A culpa só passou quando tempos depois numa dessas mudanças na qual você se vê obrigado fazer uma grande faxina geral (na sua vida), encaixotar todos seus pertences e é quando baixa o maior espírito Dalai Lama de Calcutá; eu repassei “O grilo mágico”, juntamente com mais outros livros didáticos, para crianças do interior do Estado.
Como eu nunca tinha percebido isso? Talvez porque nunca tivesse realmente precisado saber. Em virtude de ser mais velha, era meu irmão quem acabava por herdar meus livros já que boa parte da vida, nós estudamos em mesmos colégios. Para ele, isso era bom. Os livros alcançavam a mão dele ainda utilizáveis. Creio que se a realidade fosse inversa, eu não teria livros e sim, lixo tóxico encadernado.
Esse é o destino dos livros. Sem nhem nhem nhem de Secretaria da Educação, nem nada. Tô falando de karma, de energia, de dever na Terra. Cíclico, como a própria vida. O conhecimento, a lição, a aventura literária (ou matemática, ou geográfica, que seja…) seguindo mares e pares e lares nunca d’antes visitados.

21 de dezembro de 2008.
Quando a Mayra, em meio a uma livraria, exclamou para mim o quanto ela achava ganhar livros algo do caralho, eu só queria mesmo era abraçá-la. Isso sim é sintonia.
Faz parte dos pequenos prazeres da vida aquela sensação deliciosa que lhe atinge quando você lê algo que te emociona de qualquer forma e que subitamente lhe remete a algo ou alguém e vem aquele ímpeto de dividir um trecho, uma frase, um personagem com uma pessoa em particular.
Uma vez peguei da estante de minha mãe um livro chamado “A Festa”, de Ivan Ângelo, por conta de Caio Fernando Abreu tê-lo citado na apresentação de algum livro. Assim que folheei aquelas primeiras páginas, deparei-me com uma dedicatória de meu pai para minha mãe, que terminava assim: “… beijos amorosos meus, da nossa Carol e do nosso filho que está por vir”.
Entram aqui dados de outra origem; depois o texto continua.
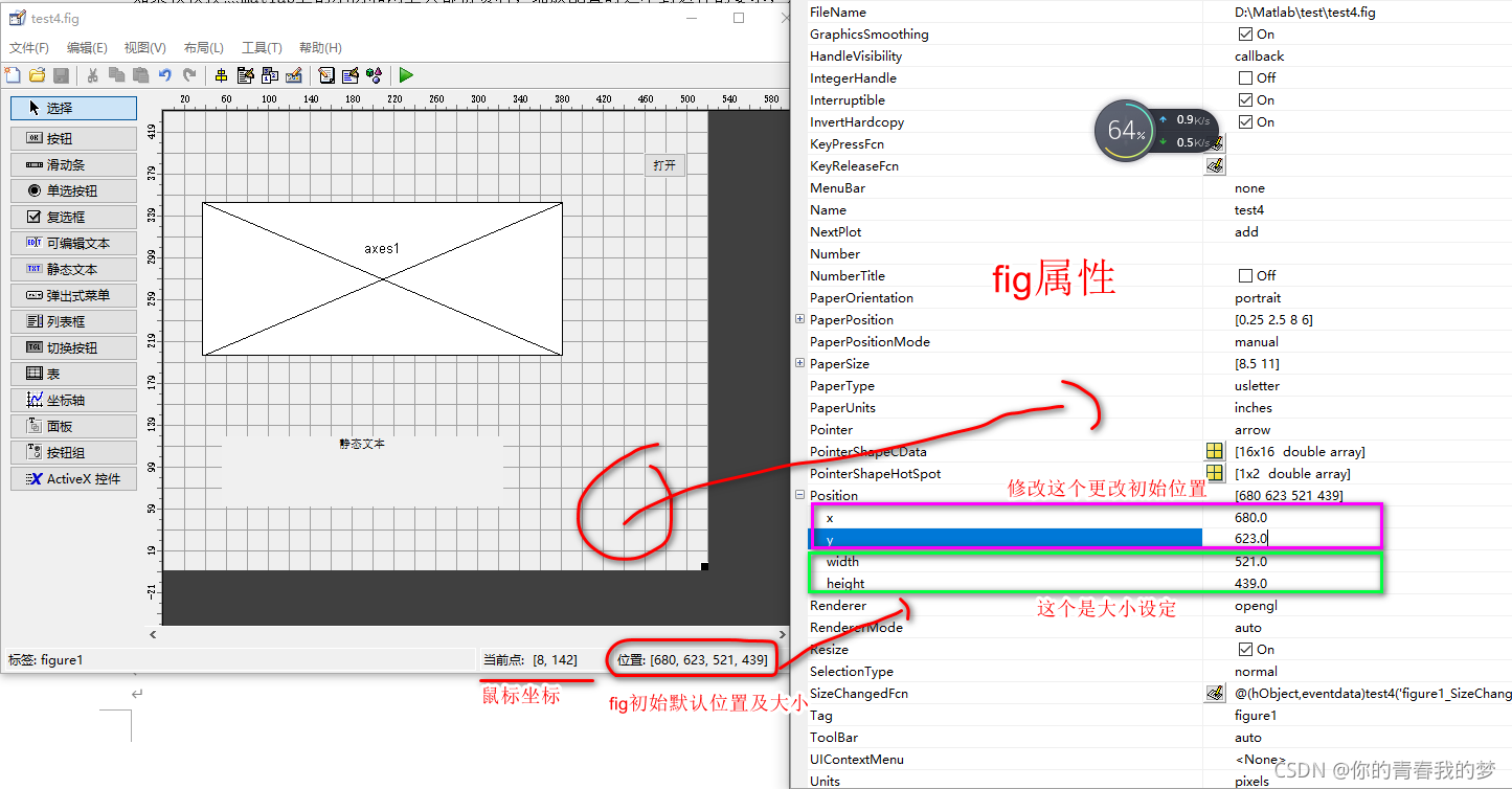 stay gui There is coordinate display under the lowest design : Current point : Coordinates are where the mouse is located , Location : Is the control we choose or fig Location information for , Here we choose fig, So what it shows is fig The location of , double-click fig Pop up properties , notice position Is consistent with this message ; modify position The value of can be changed fig Size ,xy Yes, it is on by default fig Where it is ( Starting point in the lower left corner ); Of course, you choose other components , The location shows their corresponding information ;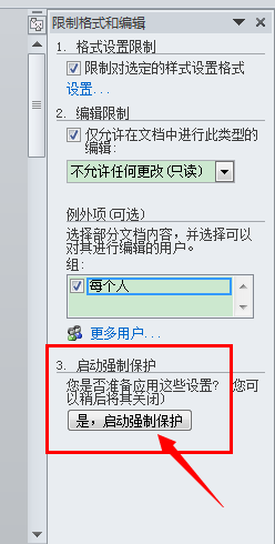 3、在"1 格式设置限制"中的"限制选定的样式设置格式"处勾选上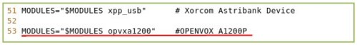 找到 TOPDIR_MODULES= 開頭的這一行,添加opvxa1200 ,保存退出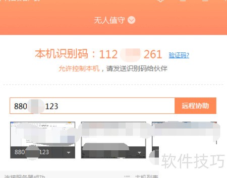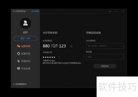 - 在向日葵远程控制界面输入目标电脑的识别码,然后点击远程协助即可连接。

É nessa hora que eu conto para vocês que meus pais são separados há bem mais de 10 anos e meu irmão, que hoje tem 23, mora fora de Belém há dois anos. Não o vejo há esse tanto de tempo. Ler aquelas palavras foi como montar um quebra-cabeça, resgatar um pedacinho da história de cada um de nós quatro e relembrar que por mais que haja a vida que é estranha e haja a distância (física e emocional), somos e sempre seremos partes de um todo. Não tem como fugir disso.
Numa partida já deixei livros com pessoas queridas porque queria muito, muito que ambas tivessem algo meu: “A hora da estrela” (C. Lispector) e “Memórias de minhas putas tristes” (Gabriel Garcia Marquez). O livro de Clarice eu já havia lido pelo menos duas vezes, tornando assim Macabéa uma personagem viva na minha memória e que por vezes divagando em rodoviárias e centros comerciais eu conseguia de fato personificá-la na figura de caras estranhas e amedrontadas que cruzavam comigo.
Já o livro de Garcia Marquez eu já havia ganhado nessa mesma situação sob a qual eu o repassava, de alguém que partia. Então o passei a frente, como passos que gente dá para avançar: um a frente do outro.
Adoro a coleção sobre Filosofia Antiga que ganhei do meu pai. Confesso que só me foram úteis nos dois primeiros anos da faculdade. Mas eles conferem uma importância tão grande à minha prateleira: são sóbrios, com capas duras escuras, letras douradas e arabescos em cor de vinho. São livros  com cara mesmo de herança. Em meio aos meus livros de capas modernas e coloridas, são eles que impõem respeito e destacam-se.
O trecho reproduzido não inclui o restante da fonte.